British American Tobacco (BATS) might have hoped reconfirming guidance for full-year sales of vapour and tobacco heating products – expected to almost treble to £900m – would calm investor fears of growing regulatory pressures. However, the update did little to boost the shares, which are down 45 per cent during the past 12 months.
In fact, tobacco has been the single worst-performing sector in 2018 in capital terms, excluding dividends, out of the 39 industry groupings that form the FTSE All-Share, according to research by AJ Bell. The tobacco sector is down 41 per cent, compared with a 9 per cent decline across the broader All-Share. British American Tobacco has been the hardest hit out of the two UK-listed tobacco companies, compared with a 21 per cent decline for Imperial Brands (IMB).

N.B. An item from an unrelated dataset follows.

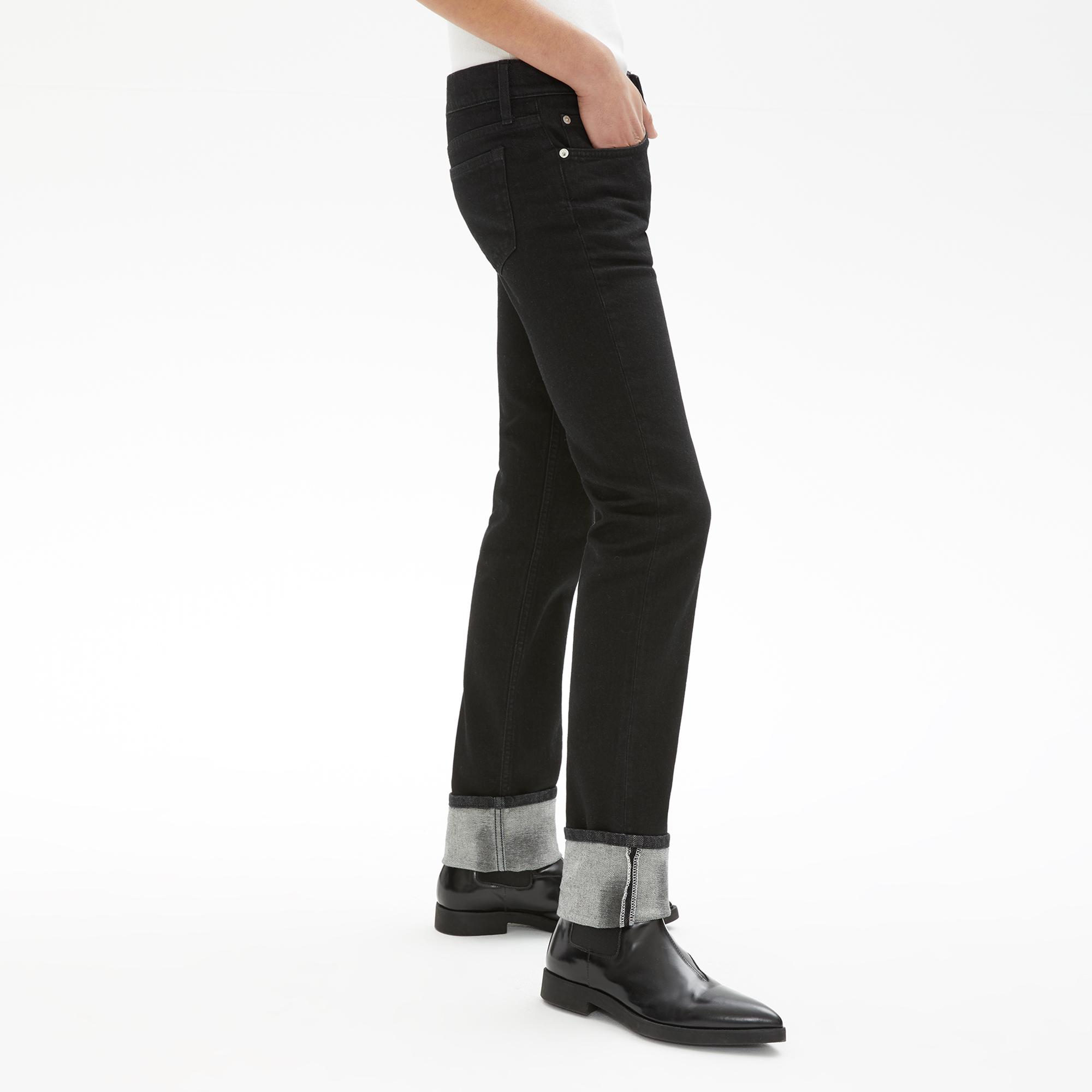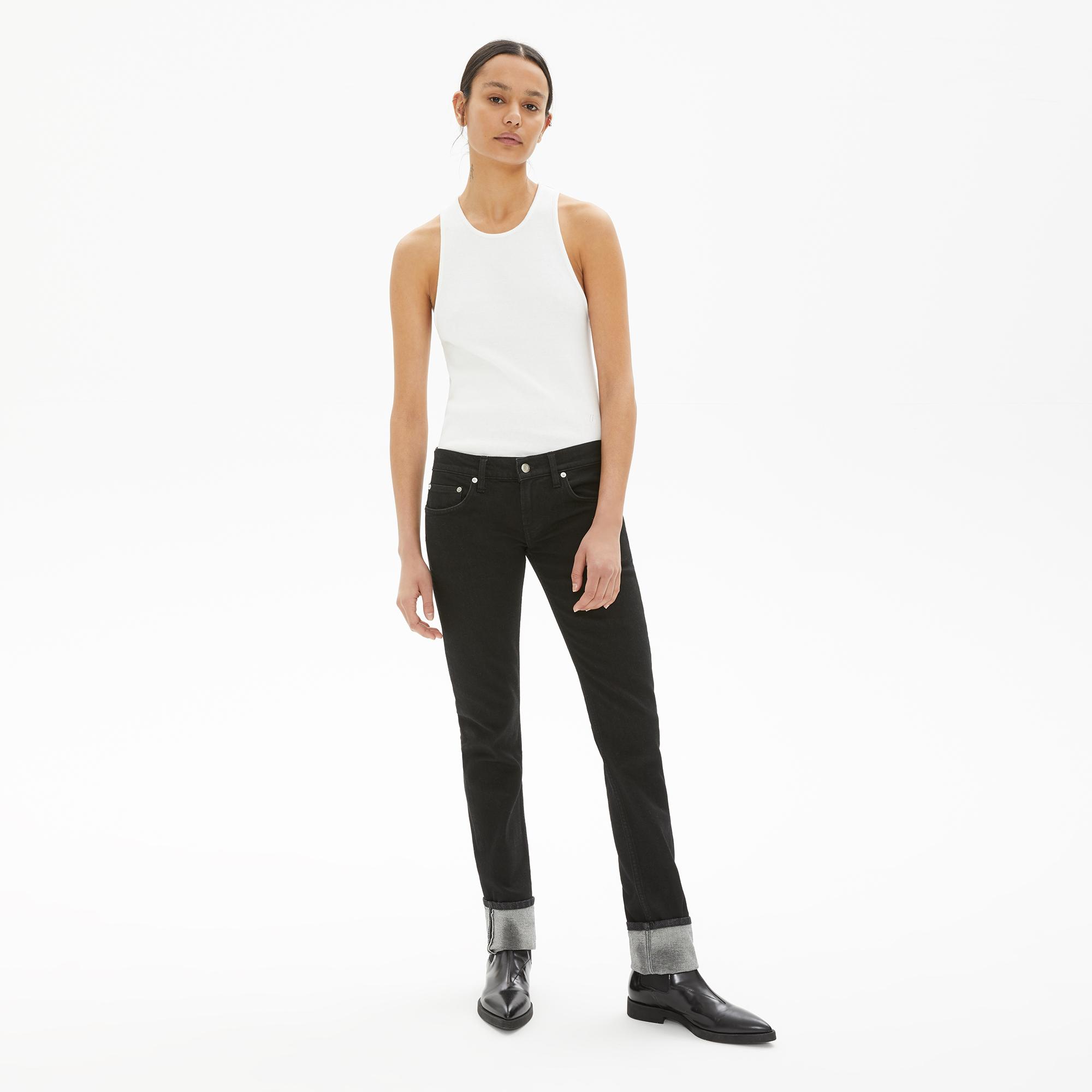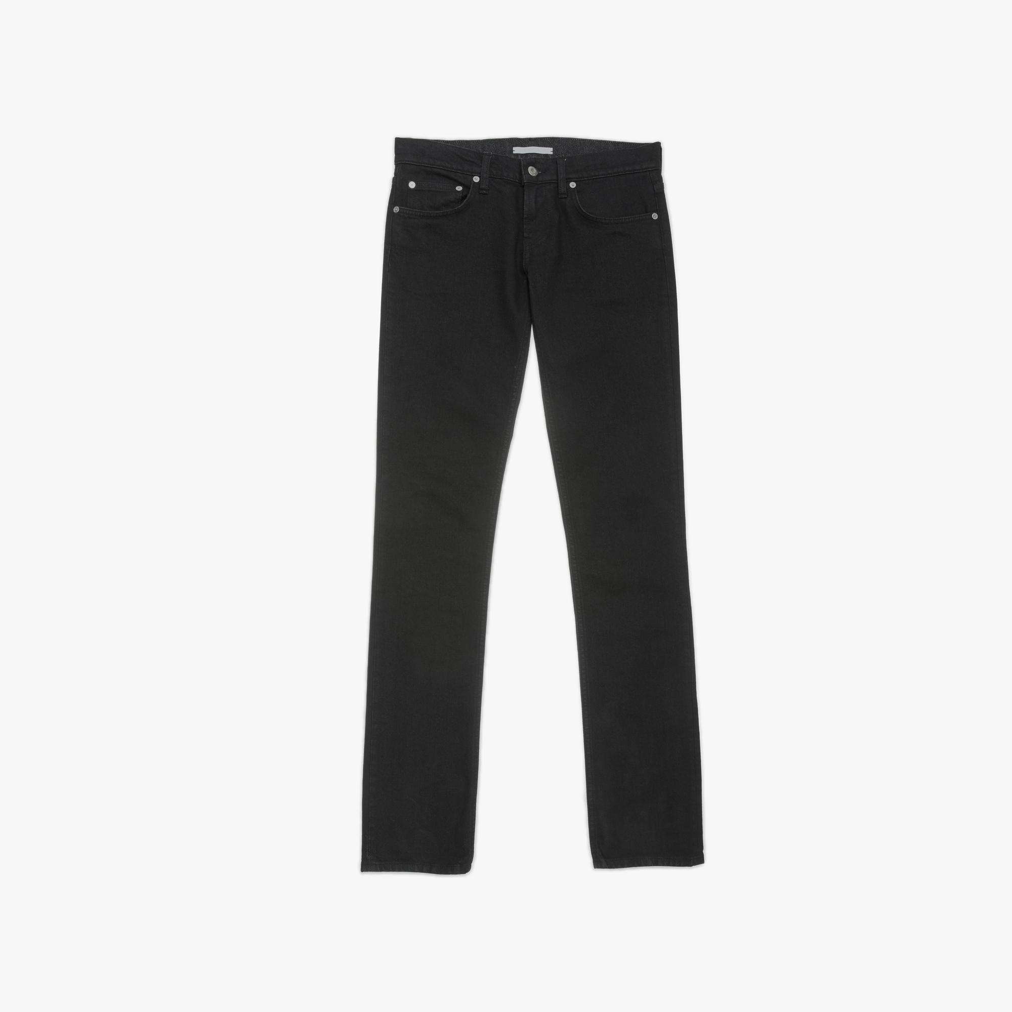 The Helmut Lang Femme Lo Cigarette Jeans in matte powder black are low-waisted cotton denim skinny jeans with with a slim and straight leg opening
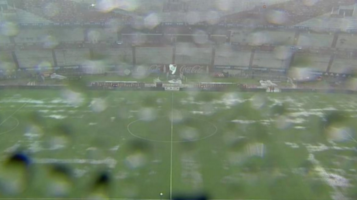 Es que lentamente, el agua se fue acumulando en el verde césped del Monumental y, a menos de dos horas para el inicio del partido, aparecieron los primeros charcos. Por supuesto, muchos comenzaron a preocuparse por la realización del partido. ¿Cómo estará el campo cuando la pelota comience a rodar? ¿Aguantará?

That is probably due to its heightened exposure to the US, boosted by the 2017 acquisition of Reynolds. American regulator the Food and Drug Administration (FDA) has considered cutting the amount of nicotine that can be allowed in combustible cigarettes, putting heavier regulations on menthol cigarettes, and has threatened an investigation into whether it should ban some flavoured e-cigarette and vaping products because of their popularity with teens. The ongoing concern with tobacco companies centres on whether innovative new products can compensate for declining cigarette volumes over the long term.